• **The task**:
When you reach the line below that has "- Design: Kids", start returning lines exactly, and stop after the line that has "切り取りが終わり版ができたあ"; skip the pictures.

• **Task data**:

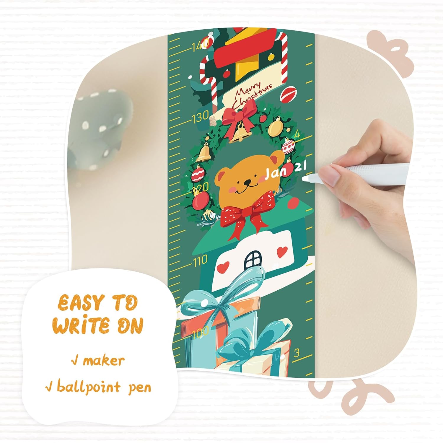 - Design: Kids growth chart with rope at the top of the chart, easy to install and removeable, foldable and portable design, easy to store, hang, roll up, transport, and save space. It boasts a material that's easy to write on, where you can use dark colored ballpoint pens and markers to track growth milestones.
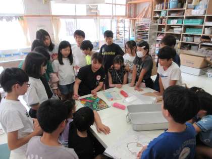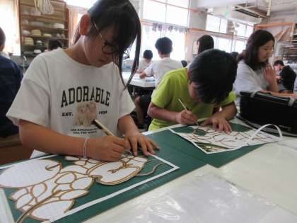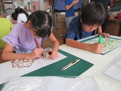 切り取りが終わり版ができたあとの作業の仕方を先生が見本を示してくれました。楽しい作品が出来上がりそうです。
--
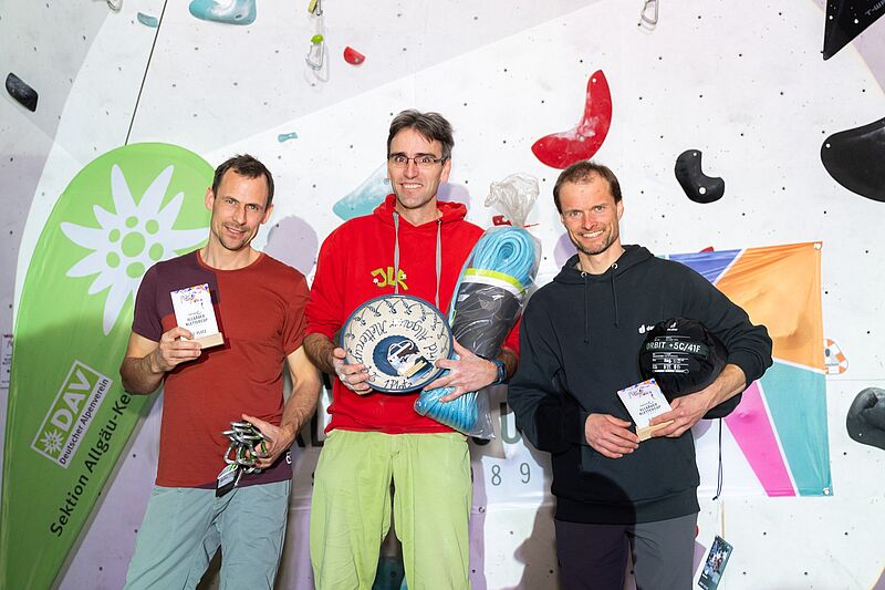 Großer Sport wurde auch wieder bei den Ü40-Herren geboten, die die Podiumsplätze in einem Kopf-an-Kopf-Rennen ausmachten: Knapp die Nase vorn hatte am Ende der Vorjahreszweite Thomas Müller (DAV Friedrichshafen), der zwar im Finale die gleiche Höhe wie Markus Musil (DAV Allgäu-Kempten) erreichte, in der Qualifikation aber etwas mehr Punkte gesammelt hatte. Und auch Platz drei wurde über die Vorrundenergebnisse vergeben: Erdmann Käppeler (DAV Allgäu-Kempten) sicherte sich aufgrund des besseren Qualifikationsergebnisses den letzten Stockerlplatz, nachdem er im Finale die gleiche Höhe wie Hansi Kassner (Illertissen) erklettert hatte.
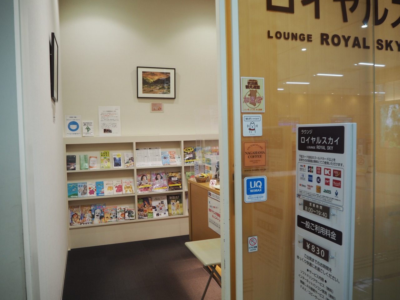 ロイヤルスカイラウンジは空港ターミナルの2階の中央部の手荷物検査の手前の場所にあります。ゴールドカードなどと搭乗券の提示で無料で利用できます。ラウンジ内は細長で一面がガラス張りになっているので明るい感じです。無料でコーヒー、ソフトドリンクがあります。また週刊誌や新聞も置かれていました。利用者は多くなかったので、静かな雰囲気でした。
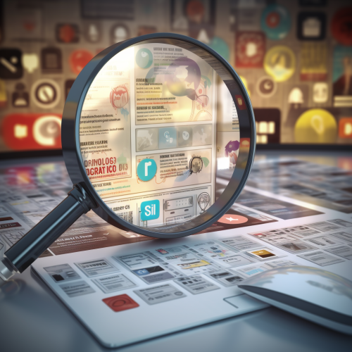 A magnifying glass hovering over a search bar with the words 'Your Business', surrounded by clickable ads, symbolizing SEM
---
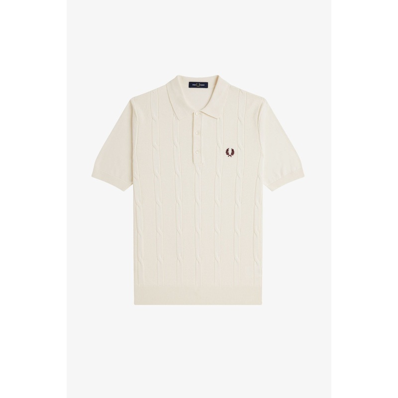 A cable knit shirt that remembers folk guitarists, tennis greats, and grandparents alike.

• **Exercise result**:
 - Design: Kids growth chart with rope at the top of the chart, easy to install and removeable, foldable and portable design, easy to store, hang, roll up, transport, and save space. It boasts a material that's easy to write on, where you can use dark colored ballpoint pens and markers to track growth milestones.
 切り取りが終わり版ができたあとの作業の仕方を先生が見本を示してくれました。楽しい作品が出来上がりそうです。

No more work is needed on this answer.